Elizabeth Muriel Gregory "Elsie" MacGill,  (March 27, 1905November 4, 1980), known as the "Queen of the Hurricanes", was the world's first woman to earn an aeronautical engineering degree and was the first woman in Canada to receive a bachelor's degree in electrical engineering. She worked as an aeronautical engineer during the Second World War and did much to make Canada a powerhouse of aircraft construction during her years at Canadian Car and Foundry (CC&F) in Fort William, Ontario. After her work at CC&F, she ran a successful consulting business. Between 1967 and 1970, she was a commissioner on the Royal Commission on the Status of Women in Canada, which reported in 1970.

Early life and education
MacGill was born in Vancouver on March 27, 1905, youngest daughter of James Henry MacGill, a prominent Vancouver lawyer, part-time journalist, and Anglican deacon, and Helen Gregory MacGill, a journalist and British Columbia's first woman judge. She had two older step-brothers from her mother's first marriage, and an older sister with whom she was very close.

In the early years, the MacGill children were home schooled in a formal setting to mimic that of Lord Roberts, the public school that the older boys attended. This included drawing lessons with Emily Carr, and swimming lessons with Joe Fortes.

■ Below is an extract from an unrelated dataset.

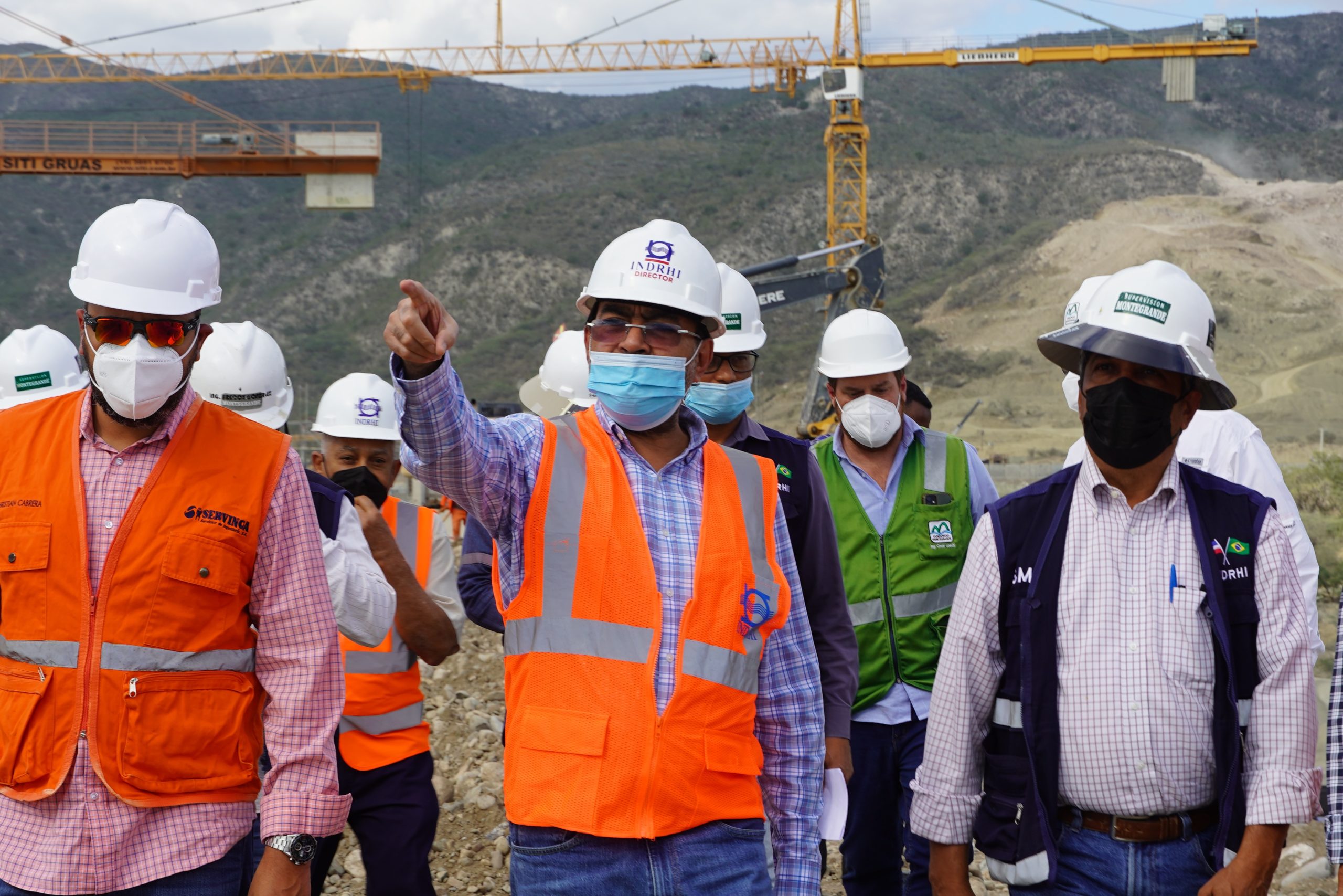 AZUA.- Tras su recorrido de inspección semanal por el Proyecto Múltiple de la Presa Montegrande, Olmedo Caba Romano, director ejecutivo del Instituto Nacional de Recursos Hidráulicos (INDRHI), informó que la obra muestra un avance superior al 90%, destacando que el muro del embalse en su margen izquierda se encuentra en la cota 205, mientras que en la margen derecha ya se alcanzó la altura total, que es de 207 metros sobre el nivel del mar.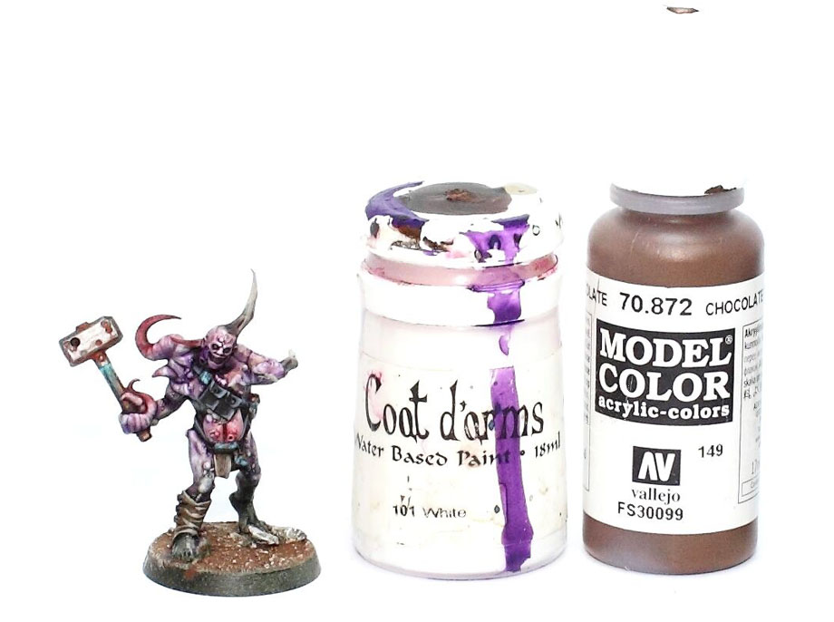 Maintenant, place à la rouille! Sur ce modèle, il n’y a pas grand-chose à traiter, puisque seule la tête du marteau présente des traces d’oxydation. J’utilise pour cela un mélange de lavis brun foncé et d’un rouge rouille. Personnellement, j’aime beaucoup les peintures Rackham (eh oui, cette gamme a encore quelques perles !), car elles deviennent très mates et légèrement granuleuses en séchant, parfait pour simuler une texture de métal corrodé. Et j’apprécie aussi beaucoup le ton de leur couleur. Mélangez donc votre lavis brun foncé avec votre teinte rouille et appliquez-le selon votre goût : dans les creux les plus profonds, sur les zones métalliques abîmées, ou simplement pour ajouter quelques taches de corrosion par-ci par-là. Bien sûr, utilisez les produits que vous préférez, l’essentiel étant le rendu.

Later, they attended King George Secondary School, which was affiliated with McGill University. This rigorous education facilitated Elsie entering the University of British Columbia when she was 16. She was admitted to the applied sciences program, but the dean of the faculty asked her to leave after only one term.

When MacGill was 12 years old, her mother was appointed judge of the juvenile court of Vancouver. After 1911, the racial strife in British Columbia continued to escalate, and Jim MacGill's immigration-related legal work was directly impacted. This caused severe financial strain for the family during the war years. Her early aptitude for "fixing things" held the family in good stead, and informed discussions of possible careers.

MacGill's mother was an advocate of women's suffrage and influenced her decision to study engineering. She graduated from the University of Toronto in 1927, and was the first Canadian woman to earn a degree in electrical engineering.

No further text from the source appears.